A systematic review was performed following the preferred reporting items for systematic reviews and meta-analyses (PRISMA) guidelines. To account for missing data, multiple imputation was performed. The original prediction formulae were extracted from selected studies. The probability of death per model was calculated for each individual within the Netherlands Cooperative Study on the Adequacy of Dialysis (NECOSAD). The predictive performance of the models was assessed based on their discrimination and calibration.
In total, 16 articles were included in the systematic review. External validation was performed in 1,943 dialysis patients from NECOSAD for a total of seven models. The models performed moderately to well in terms of discrimination, with C-statistics ranging from 0.710 (interquartile range 0.708–0.711) to 0.752 (interquartile range 0.750–0.753) for a time frame of 1 year. According to the calibration, most models overestimated the probability of death.
Overall, the performance of the models was poorer in the external validation than in the original population, affirming the importance of external validation. Floege et al’s models showed the highest predictive performance. The present study is a step forward in the use of a prediction model as a useful tool for nephrologists, using evidence-based medicine that combines individual clinical expertise, patients’ choices, and the best available external evidence.

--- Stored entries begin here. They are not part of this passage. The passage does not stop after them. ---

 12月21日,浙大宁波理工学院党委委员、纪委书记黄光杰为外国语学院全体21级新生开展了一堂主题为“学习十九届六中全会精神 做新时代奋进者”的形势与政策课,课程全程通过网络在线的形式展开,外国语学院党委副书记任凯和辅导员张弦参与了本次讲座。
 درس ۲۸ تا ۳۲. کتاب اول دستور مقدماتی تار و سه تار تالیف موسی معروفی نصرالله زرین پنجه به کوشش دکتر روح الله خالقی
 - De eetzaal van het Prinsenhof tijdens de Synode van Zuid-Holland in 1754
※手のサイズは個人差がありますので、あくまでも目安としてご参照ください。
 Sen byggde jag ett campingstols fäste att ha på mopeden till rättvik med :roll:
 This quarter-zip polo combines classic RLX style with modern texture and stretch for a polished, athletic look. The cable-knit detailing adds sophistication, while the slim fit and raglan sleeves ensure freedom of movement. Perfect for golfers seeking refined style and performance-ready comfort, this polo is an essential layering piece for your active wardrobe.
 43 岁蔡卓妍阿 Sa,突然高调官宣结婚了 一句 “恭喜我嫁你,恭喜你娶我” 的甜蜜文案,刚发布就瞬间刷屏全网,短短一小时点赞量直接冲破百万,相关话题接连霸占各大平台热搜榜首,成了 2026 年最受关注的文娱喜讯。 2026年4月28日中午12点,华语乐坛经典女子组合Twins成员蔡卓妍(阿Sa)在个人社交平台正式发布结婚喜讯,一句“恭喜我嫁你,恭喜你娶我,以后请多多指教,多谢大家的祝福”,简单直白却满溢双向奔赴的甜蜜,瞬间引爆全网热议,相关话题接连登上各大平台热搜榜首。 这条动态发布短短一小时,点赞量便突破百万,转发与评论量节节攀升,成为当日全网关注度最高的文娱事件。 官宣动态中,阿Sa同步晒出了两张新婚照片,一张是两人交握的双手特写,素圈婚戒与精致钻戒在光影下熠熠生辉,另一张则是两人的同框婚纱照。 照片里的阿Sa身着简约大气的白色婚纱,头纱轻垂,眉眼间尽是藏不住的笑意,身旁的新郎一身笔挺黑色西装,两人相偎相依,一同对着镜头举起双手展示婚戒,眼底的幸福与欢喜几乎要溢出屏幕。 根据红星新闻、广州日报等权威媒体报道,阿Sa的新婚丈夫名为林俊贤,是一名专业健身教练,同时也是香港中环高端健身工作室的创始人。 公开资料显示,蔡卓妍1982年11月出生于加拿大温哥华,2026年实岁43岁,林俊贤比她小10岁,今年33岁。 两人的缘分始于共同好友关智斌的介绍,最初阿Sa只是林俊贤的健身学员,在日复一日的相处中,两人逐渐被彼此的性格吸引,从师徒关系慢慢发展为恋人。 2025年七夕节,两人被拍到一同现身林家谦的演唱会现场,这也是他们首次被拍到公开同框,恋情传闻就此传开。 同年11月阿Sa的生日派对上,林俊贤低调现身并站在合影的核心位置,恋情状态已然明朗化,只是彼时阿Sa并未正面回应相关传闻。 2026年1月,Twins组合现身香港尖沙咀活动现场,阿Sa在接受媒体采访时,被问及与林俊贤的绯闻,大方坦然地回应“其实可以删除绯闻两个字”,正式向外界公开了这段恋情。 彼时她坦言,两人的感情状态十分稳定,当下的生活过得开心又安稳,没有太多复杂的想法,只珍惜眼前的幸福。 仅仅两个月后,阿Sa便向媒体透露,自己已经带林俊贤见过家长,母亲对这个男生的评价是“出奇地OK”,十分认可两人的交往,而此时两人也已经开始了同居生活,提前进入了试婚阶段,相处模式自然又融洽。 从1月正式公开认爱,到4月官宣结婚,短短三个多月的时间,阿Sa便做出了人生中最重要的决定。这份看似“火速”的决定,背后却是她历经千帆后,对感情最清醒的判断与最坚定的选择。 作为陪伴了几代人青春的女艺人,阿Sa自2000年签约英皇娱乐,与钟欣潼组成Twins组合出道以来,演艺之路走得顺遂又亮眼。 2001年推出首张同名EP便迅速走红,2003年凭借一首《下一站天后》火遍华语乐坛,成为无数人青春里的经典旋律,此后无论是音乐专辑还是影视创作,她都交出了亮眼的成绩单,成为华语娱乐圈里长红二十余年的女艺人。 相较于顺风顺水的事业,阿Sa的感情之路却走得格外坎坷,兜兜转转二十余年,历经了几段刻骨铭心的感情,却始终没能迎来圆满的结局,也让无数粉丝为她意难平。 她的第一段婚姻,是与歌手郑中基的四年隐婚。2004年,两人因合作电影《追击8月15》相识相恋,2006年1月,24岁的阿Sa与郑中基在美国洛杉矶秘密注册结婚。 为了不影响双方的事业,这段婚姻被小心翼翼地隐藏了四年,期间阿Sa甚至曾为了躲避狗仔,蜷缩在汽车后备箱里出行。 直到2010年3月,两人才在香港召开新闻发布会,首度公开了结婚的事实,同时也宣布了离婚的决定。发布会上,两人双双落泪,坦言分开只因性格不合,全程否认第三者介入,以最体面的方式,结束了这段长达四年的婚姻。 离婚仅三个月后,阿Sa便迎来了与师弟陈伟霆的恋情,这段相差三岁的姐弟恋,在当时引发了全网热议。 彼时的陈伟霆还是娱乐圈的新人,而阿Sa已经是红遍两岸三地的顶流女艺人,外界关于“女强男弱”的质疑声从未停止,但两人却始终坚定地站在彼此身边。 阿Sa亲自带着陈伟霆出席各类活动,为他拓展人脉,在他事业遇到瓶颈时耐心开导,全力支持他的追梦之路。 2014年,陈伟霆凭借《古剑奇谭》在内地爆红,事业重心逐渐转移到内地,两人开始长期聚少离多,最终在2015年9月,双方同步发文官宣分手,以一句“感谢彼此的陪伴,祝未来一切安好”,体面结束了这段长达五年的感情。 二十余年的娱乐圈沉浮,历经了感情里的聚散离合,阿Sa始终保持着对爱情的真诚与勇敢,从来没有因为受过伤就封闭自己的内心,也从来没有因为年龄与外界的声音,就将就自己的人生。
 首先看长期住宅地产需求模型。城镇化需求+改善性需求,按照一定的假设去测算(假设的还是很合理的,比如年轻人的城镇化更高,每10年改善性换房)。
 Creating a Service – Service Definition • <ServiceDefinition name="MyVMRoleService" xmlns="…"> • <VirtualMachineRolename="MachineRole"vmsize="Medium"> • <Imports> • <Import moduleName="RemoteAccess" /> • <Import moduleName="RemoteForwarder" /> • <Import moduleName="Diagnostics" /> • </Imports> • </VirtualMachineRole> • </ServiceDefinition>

End-stage renal disease (ESRD) is a large public health problem. Treatment options for ESRD consist of transplantation, conservative treatment, or dialysis, of which there are two main forms: hemodialysis (HD) and peritoneal dialysis (PD). Dialysis patients are a very vulnerable population, with 3-year cumulative survival of approximately 50%, considerably lower than survival rates for cancer and heart-failure patients.1,2 Many different patient characteristics have been reported to influence this poor survival, and there is wide interindividual variability in prognosis.3–5
Identifying dialysis patients with an increased risk of dying through prediction models could offer valuable information on prognosis to patients, as well as help clinicians recognize these high-risk patients and apply more intensive care and supportive therapies when needed.3,6,7 Furthermore, a risk-stratification model could be used as an important research tool when adjusting for baseline risk in comparative studies, targeting specific interventions to high- or low-risk patients or even provide tools to compare mortality risks among different centers, regions, or countries.3,7,8
Various models to predict mortality in dialysis patients have been published.7–13 However, no review of these articles exists, and only a fraction of these prediction models or risk scores have been externally validated.7 The few studies that have externally validated models to predict mortality in dialysis patients did so for not more than one or two models at a time.7,12,13 Differences in cohorts used to validate various models make it difficult to compare predictive performances fairly; ideally, one would externally validate all available models in the same cohort. External validation entails that a model is tested in other data than that in which the model was derived, in order to test the generalizability of the tool on the targeted patient population.14 Since the performance of a prediction model is generally lower in new individuals than in the population in which the model was developed,15 these models cannot be recommended for clinical use before external validity is established, as is also stressed in the TRIPOD (transparent reporting of a multivariable prediction model for individual prognosis or diagnosis) statement for reporting prediction models.14–20 Though the importance of combining evidence is recognized, many more models have been developed in the medical research field than are used in clinical practice or even tested on different populations.17,21,22 To combat this research waste, the realization of more external validation studies is imperative and increasingly in demand.14,17,20,23–25
A direct comparison of the predictive performance of existing models in the same external-validation cohort could help bridge the gap between the development of models and their clinical application. The aim of the current study was to perform a systematic literature review to identify existing models for predicting the risk of death in dialysis patients and subsequently to externally validate these models in the same large independent patient cohort, in order to assess and compare their predictive capacities.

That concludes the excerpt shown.